I just read an article that pissed me off! MSN posted this report about if how you are beautiful you get paid like 11-15 % percent more than if you where plain. that is such a bunch of garbage.

Society today spends way too much time as it is looking in the mirror. instead of looking where the real beauty of a person lies.

They keeping wanting people with fresh ideas e.g. outside of box thinkers then they reject you because don't come to them packaged in the box they expect you to come in. or they try to spend the rest of the time trng to cram you into a box they like.

Have we as a society become so superficial that we have become blind?

The true alure of a person is not in an outer shell that grows old or in how many years a person carries.

But in how they treat others, how they play with a child and the love that you can see in their eyes.

Society has become so shallow that they forget how wonderful it feels to be held by arms that love you or to bask in the warmth of a genuine smile...

Thursday, June 03, 2004

ok I take it back. Got worse than dissed today. Got fired from my job! I thought I did it all. What ever I will get something way better than that.

Wednesday, June 02, 2004

Another day has gone by and once again I get dissed. Oh whatever I really don't care but just remember I can and will diss you back. It must be true about People only being interested in you when they want something. The number one reason any organization loses people is by making them feel unnessisary or used.

I can and will find somewhere in this world where I will be appreciated, where I fit in (if that is even possible), then I will become too busy to help with their stuff when they ask. Not stupid to get caught again being caring. Actually it doesn't hurt my feelings like it used to (not fittng in) or being accepted by the status Quo.

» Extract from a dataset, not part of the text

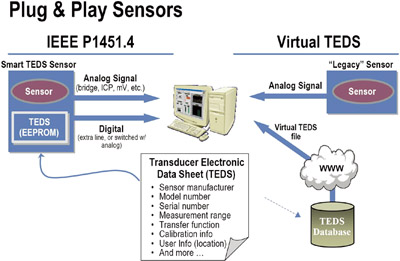 IEEE1451.3啟動處在多分支網(wǎng)絡中的傳感器的運行;于2003年通過的IEEE P1451.4規(guī)定與數(shù)字傳感器相關(guān)的數(shù)據(jù)(像傳感器的類別、型號、操作參數(shù)以及位置等)必須能夠以電子數(shù)據(jù)表的格式從整合在傳感器中的EEPROM(電可擦除只讀存儲器)存儲器中讀取,這種數(shù)據(jù)表被稱為變換器電子數(shù)據(jù)表(TEDS-Transducer Electronic Data Sheet)。IEEE P1451.4標準極大地簡化了傳感器的布線以及更換故障傳感器的問題。它同時也免除了傳感器在設置和校準方面的人工干預,這種干預即費時又易出錯。這樣傳感器就成了即插即用的裝置。在國家儀器網(wǎng)站(National Instruments’ web site)中有一個有效TEDS的數(shù)據(jù)庫,它包括了可以在IEEE P1451網(wǎng)絡中使用的各種老式的或沒有EEPROM的傳感器的專門資料。IEEE 1451.5標準仍在審核階段,它規(guī)定的是將TEDS連接到無線網(wǎng)絡中的必要條件,如與802.11、藍牙或ZigBee等的連接。最近又提出了IEEE 1451.6標準議案,它定義TEDS和CAN總線的接口。
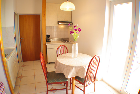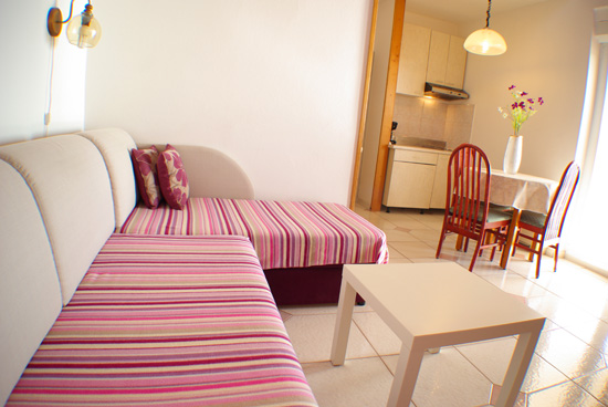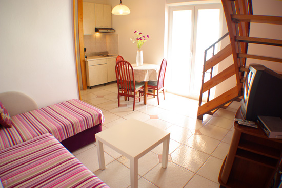 Apartment 2+1 it's an apartment with one bedrooms, kitchen with living room, bathroom and one terrace with a sea view. Bedrooom is located on the semi floor of the apartment. In the bedroom is a big double bed. In the kitchen You can find all the necessary for cook. You can also make a dinner on the terrace where is one table for 4 persons. The apartment is situated on the first floor of the house with the dimension of 40m2. It's ideal for one couple with child.

But Getting dissed by your frends, actually leads me to believe that I am some kind of i don't know(as those well meaning people in my past have said). I should be used to it by now, but some how still makes me feel like crap. Makes invisibility feel like a valuable option. Maybe I am just too gross for words. Sometimes I just hate myself.

I honestly find people tedious and unusally annoying. It would be much nicer if I could get on with out anyone. I an soooooo tired of having to be nice. Sometimes your bestfriends can be worse than enemies. They know exacly what buttons to push to make you wish you where dead.

I honestly don't think the world revolves around me. It is all about God but it is really hard to be christian when you are under attack. And boy does Satan use every one around you and then some to take you out.

I just have to keep asking God for humility and his strength because I know I can't make it alone. I would be a basket case. oh well that is enough whining for now......

Tuesday, June 01, 2004

Aloha!

I never new how easy it was to get your 15 minutes of fame.
A few point and clicks and now I have my own personal page. Yikes!
Does the world of the internet know what they are in for leting me have the space to go off in public???
This is going to be an interesting ride.